Regarding claims 1 and 9, Meyerzon discloses a method for retrieving 
information using a search engine comprising the steps of: 

(a) retrieving a document to be indexed (see col. 4, lines 43-54, 
Meyerzon); 

(b) generating a document extract corresponding to the document (see 
col. 4, lines 53-67); and 

(d) storing the plurality of tokens in a search index, wherein the search 
engine accesses the search index to retrieve information in one or more document 
extracts satisfying a search query (see col. 7, lines 44-65 and col. 8, lines 1-10, 
Meyerzon. The data type of information corresponding to the "token"). 

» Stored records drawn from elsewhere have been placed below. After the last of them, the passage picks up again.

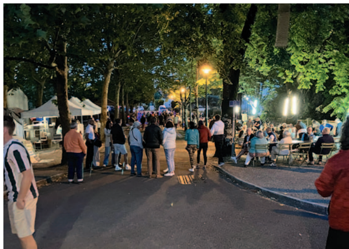
Le marché fermier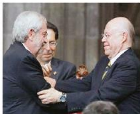
También saludó a su antecesor, José Narro.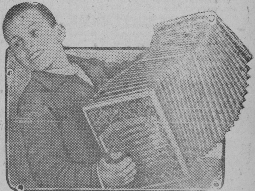
Opaštajalla 6' klassua Mišnevskoida školua, Novosokolniceskoida raionua Mišalla Dohtenkovalla tuatto oštö šoitun. Snimkalla: Miša uvvenke šoitunke.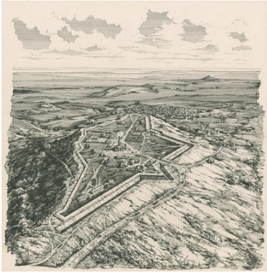
↖ Ставропольська фортеця з висоти пташиного польоту Кінець XVIII ст. З колекції Ставропольського державного музею-заповідника

Основою міста стала збудована на високому Кріпосному пагорбі потужна фортеця, біля якої виникли козацька станиця, солдатська слобода, а потім інші осередки життя. У 1822 р. Ставрополь став центром Кавказької області, а 1847-го – Ставропольської губернії. Грушевські з'явилися там усього через кілька років після закінчення півстолітньої Кавказької війни, і все навколо пам'ятало героїчну боротьбу кавказьких горців.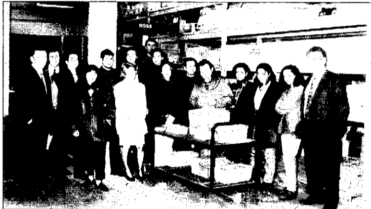
Jóvenes del programa Petra en Panazol.

El alcalde de Panazol manifestó, en declaraciones a De casa en casa , que los objetivos del hermanamiento se están desarrollando con normalidad. "Estamos satisfechos de las relaciones que mantienen Picanya y Panazol. Más que una ciudad hermanada, Picanya es una hermana y vamos a continuar en esta línea", afirmó.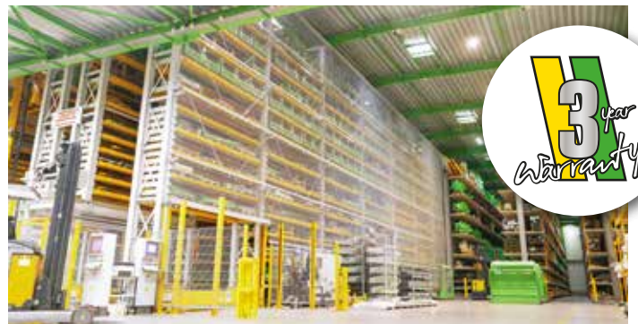
Die Expertise des Kundendienstes mit 3 Jahren Garantie und einem ständigen Lagerbestand an Ersatzteilen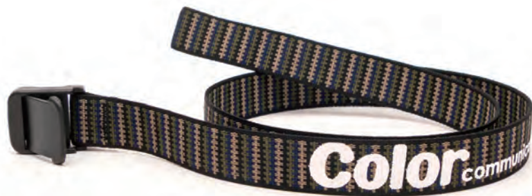
ZIG ZAG BLACK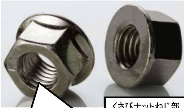
くさびナットねじ部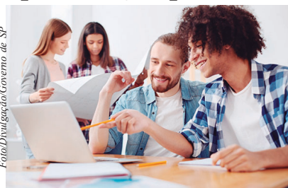
Com o auxílio de Inteligência Artificial, a plataforma oferece ferramentas como simulação de entrevistas alinhadas a processos seletivos para capacitar os candidatos

Nos cursos do Trampoline, mesmo conteúdos técnicos, como informática, são aplicados de forma a estimular competências comportamentais. As inscrições devem ser realizadas pelo site www.trampoline.sp.gov.br , com login via conta gov.br. Na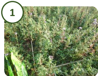
1 Délimitation d'une zone de 1m 2 choisie aléatoirement. Etape à réaliser 3 fois.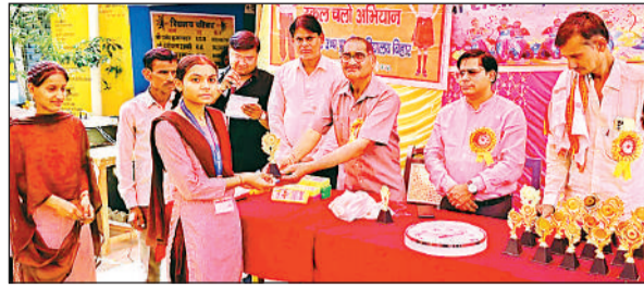
बच्चों को पुरस्कृत करते खंड शिक्षा अधिकारी।

● प्रतियोगिताओं के विजेता बच्चों को पुरस्कार देकर बढ़ाया हौसला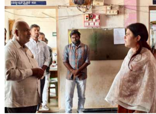
కలెక్టర్ తెలిపారు. ప్రజలకు మెరుగైన మౌలిక వసతులు అందించడంలో ఎలాంటి నిర్లక్ష్యం ఉండకూడదని, సమస్యలు గుర్తించిన వెంటనే పరిష్కారానికి చర్యలు తీసుకోవాలని కలెక్టర్ స్పష్టం చేశారు.

వేగవంతంగా ఉండాలని అధికారులను ఆదేశించారు. ఈ సందర్భంగా ఠి-సర్వే ప్రక్రియపై సమీక్ష నిర్వహించిన కలెక్టర్, ఫేజ్-3, ఫేజ్-4 కింద ఎన్ని గ్రామాల్లో సర్వే పూర్తయిందో అధికారులను అడిగి వివరాలు తెలుసుకున్నారు. ఠి-సర్వే పనులు నిర్దిత కాల వ్యవధిలో పూర్తయ్యేలా చర్యలు తీసుకోవాలని సూచించారు. అలాగే పీజీఆర్ఎస్ (పీజీఆర్ ఎస్) ద్వారా అందుతున్న ప్రజా ఫిర్యాదుల పరిష్కార విధానాన్ని పరిశీలించిన కలెక్టర్, ఫిర్యాదులను నిర్ణయం చేయకుండా సమయానికి పరిష్కరించాలని అధికారులను ఆదేశించారు. రికార్డులను సక్రమంగా నిర్వహించడంతో పాటు, కార్యాలయ పరిసరాలను పరిశుభ్రంగా ఉంచుతూ శుభ్రతపై ప్రత్యేక దృష్టి పెట్టాలని సూచించారు. అనంతరం గ్రామపంచాయతీ పరిధిలో రోడ్లు, డ్రైనేజీలు సరిగా లేవని గ్రామ ప్రజలు చేసిన విజ్ఞప్తిని పరిగణనలోకి తీసుకున్న జిల్లా కలెక్టర్, సంబంధిత ప్రాంతాలను ప్రత్యక్షంగా పరిశీలించారు. పంచాయతీరాజ్ శాఖ ద్వారా రోడ్లు, డ్రైనేజీ పనులు చేపట్టేందుకు చర్యలు తీసుకుంటామని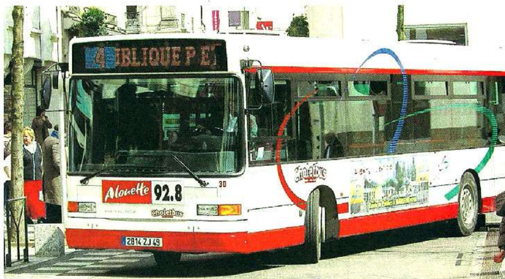
Les Transports publics du Choletais (TPC) emploient 72 salariés aujourd'hui.

Et de mettre en avant le panel de métier « de plus en plus large offert par les transports publics avec un appel croissant aux nouvelles technologies. Aujourd'hui, les conducteurs doivent apprendre à gérer les clients. Ils sont d'ailleurs formés pour ça. Les contrôleurs, eux, sont amenés à utiliser un système informatique de plus en plus pointu pour contribuer à la gestion du réseau. De leurs côtés, les mécaniciens travaillent sur des engins qui comportent une part croissante d'électronique. Quant au personnel du service marketing, il fait appel à des outils particuliers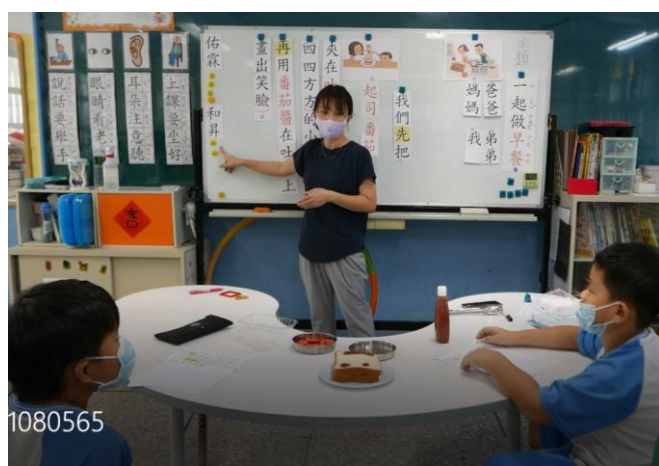
相片說明：針對學生本節課上課表現作加分與檢討。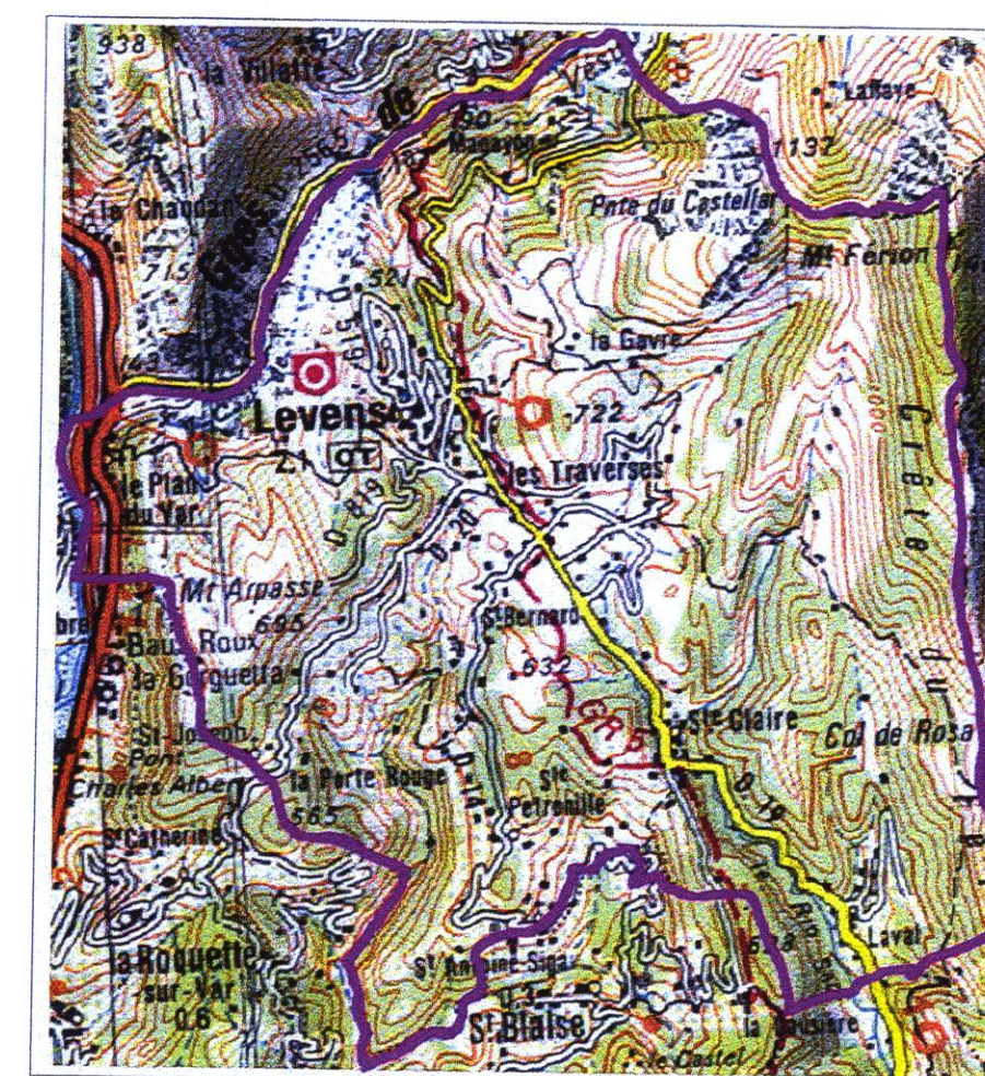
Carte des Aléas

Meyerzon, however, does not explicitly disclose extracting a portion of the 
document that characterizes the document's subject content to form the document 
extract and decomposing the document extract into a plurality of tokens. Nelson, 
on the other hand, discloses the retrieval system for retrieval of multimedia 
information including the extracting a portion of the document and decomposing 
the document into a plurality of tokens (see abstract of Nelson; col. 5, line 52-col. 
6, line 65, col. 7, lines 46-67 and col. 9, lines 60-65). It would have been obvious 
to one of ordinary skill in the art at the time of the invention to modify Meyerzon 
to include the claimed feature as taught by Nelson .... 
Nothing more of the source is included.